A multidimensional structure is a structure that has another structure inside it, e.g., a list in a list or a tuple in a list, etc. A two-dimensional list is called a matrix.


list1 = [[1, 2, 3], [4, 5, 6]]
print(list1[1])
                                    

To access an element from the internal list, we do as in the example below. The first index means which list we are entering (in this case, the second one), and the second index means which element of the internal list we want to access (in this case, the first one).


list1 = [[1, 2, 3], [4, 5, 6]]
print(list1[1][0])
                                    

The code below checks which workers make over 90000 dollars annually. I will explain the one-lined instructions in the upcoming lessons, and now, please focus on the multidimensional structures.


workers = [("John", 110000), ("Amelia", 100000), ("Josh", 80000), ("James", 90000)]
list1 = [x for x, y in workers if y > 90000]
print(list1)
                                    

# Jumping every other element in every list
numbers = [[1, 2, 3, 4, 5], [6, 7, 8, 9, 10], [11, 12, 13, 14, 15], [16, 17, 18, 19, 20]]
numbers2 = [line[::2] for line in numbers]
print(numbers2)
                                    

Type casting

Type casting, also known as type conversion, is the process of converting one data type to another (e.g., list to str).
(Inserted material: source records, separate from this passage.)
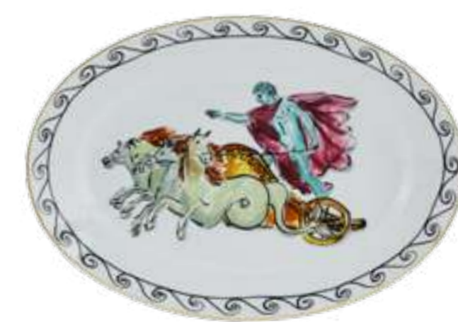
VASSOIO OVALE PIANO CM 34 - CHARIOT WHITE OVAL FLAT PLATTER CM 34 - CHARIOT WHITE
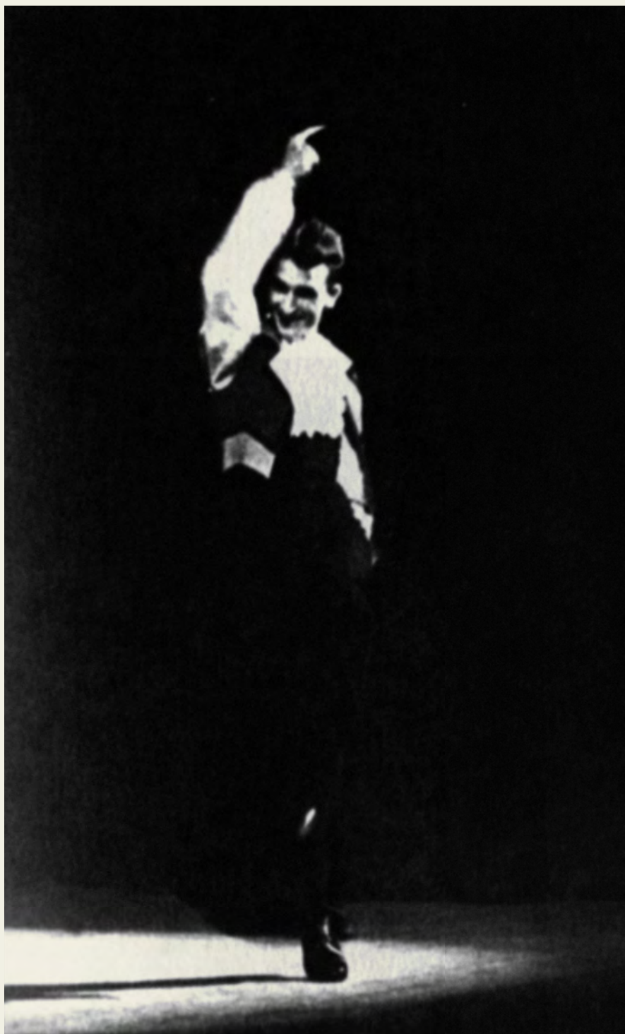
Instituto del Teatro Barcelona, 1948
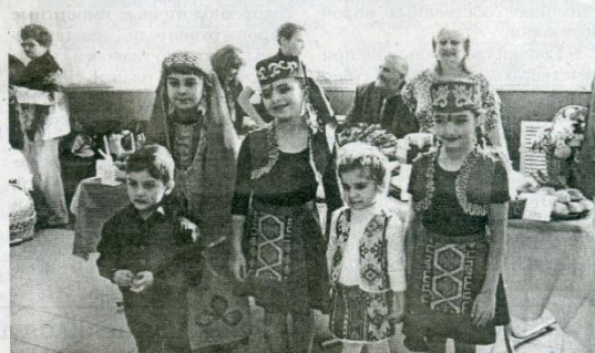
Юные представители культурной автономии «Урарту».
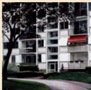
Paysage à Sapporo Settembre 2009 Olio su tela 200 x 200 cm
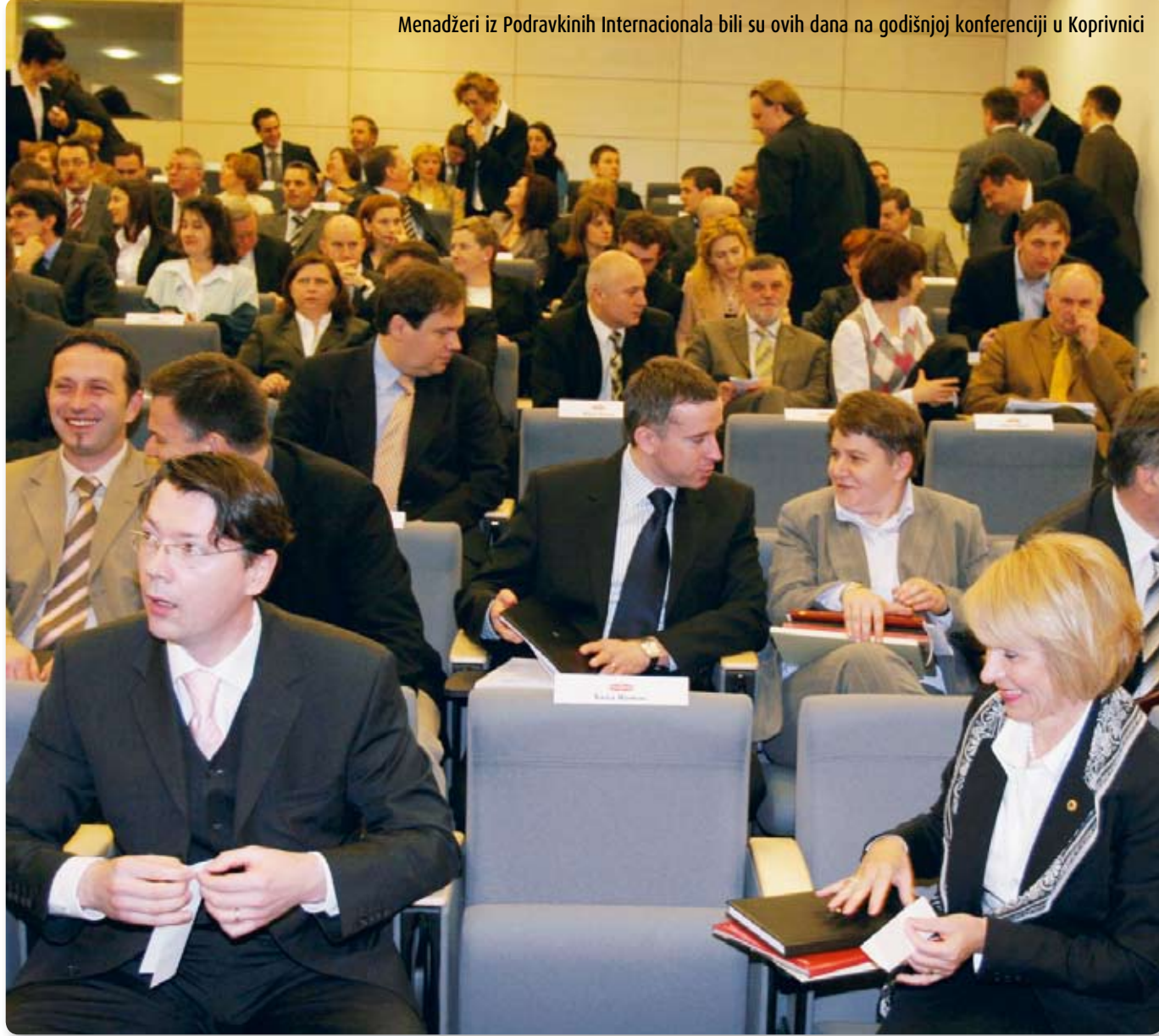
Menadžeri iz Podravkinih Internacionala bili su ovih dana na godišnjoj konferenciji u Koprivnici
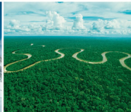
Amazon forest - BRASIL
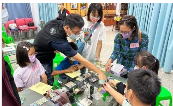
【圖說：左為員警受理數位性別暴力案件教育訓練；右為防治數位性暴力親職講座】
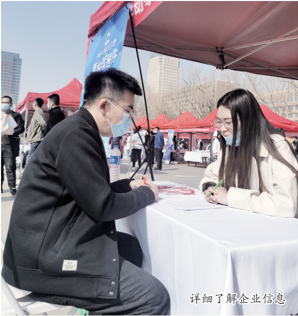
详细了解企业信息

同样,内蒙古永瑞环保科技有限公司也急招环保工程师、微生物研发工程师等人才。该公司李姓负责人告诉记者,目前关于环保方面的人才严重缺乏,当天投递简历的人并不多。为了招到人才,公司放宽条件,专业不对口的求职者也可以应聘,公司会
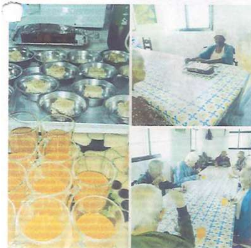
ANIVERSARIANTE DO MÊS
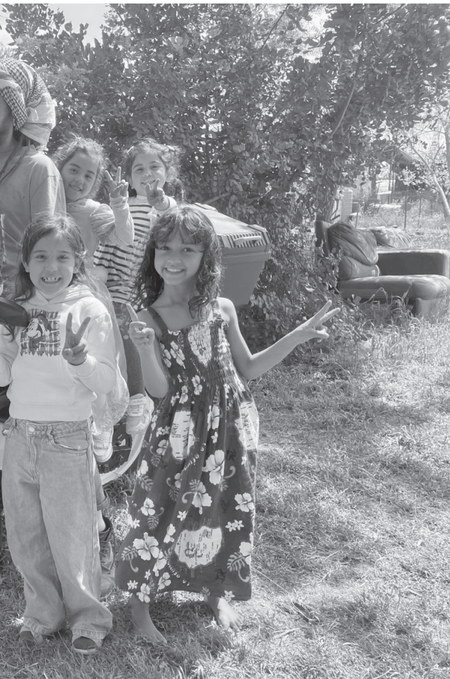
membre du projet agricole Buzuruna Juzuruna, et les enfants sur la ferme, 2026

We can't perform a conversion from, e.g., dict to list because it wouldn't make sense. We can check the variable's type using the type(x) method. If we write type(x).__qualname__(), we will get only, e.g., int instead of <class 'int'>. Here are a few examples of type casting:


# String to list (every character as a separate value)
string = "Python"
list1 = list(string)
print(list1)
                                    

# String to list using split() (breaking a string into a list by dividing it every time a given delimiter is encountered)
a = input() # the string can be entered by the user
b = a.split("-") # a space is the default delimiter
print(b)
                                    

# List to string (joining the elements of a list into a single string by inserting a delimiter between each element)
list1 = ["Python", "Coding"] # this list cannot contain numbers
string = " ".join(list1) # the space is the delimiter (we can choose a different one)
print(string)
                                    

# String to tuple
string = "Python"
tup = tuple(string)
print(tup)    
                                    

# Tuple to string
tup = ("Python", "Coding")
string = str(tup)
print(string)
                                    

# List to tuple
list1 = ["Python", 3, 3.5]
tup = tuple(list1)
print(tup)    
                                    

# Tuple to list
tup = ("Python", 3, 3.5)
list1 = list(tup)
print(list1)    
                                    

Type casting can be implicit, where a type is automatically converted to another (e.g., when dividing an integer by another integer, resulting in a floating-point number), or explicit, as shown above.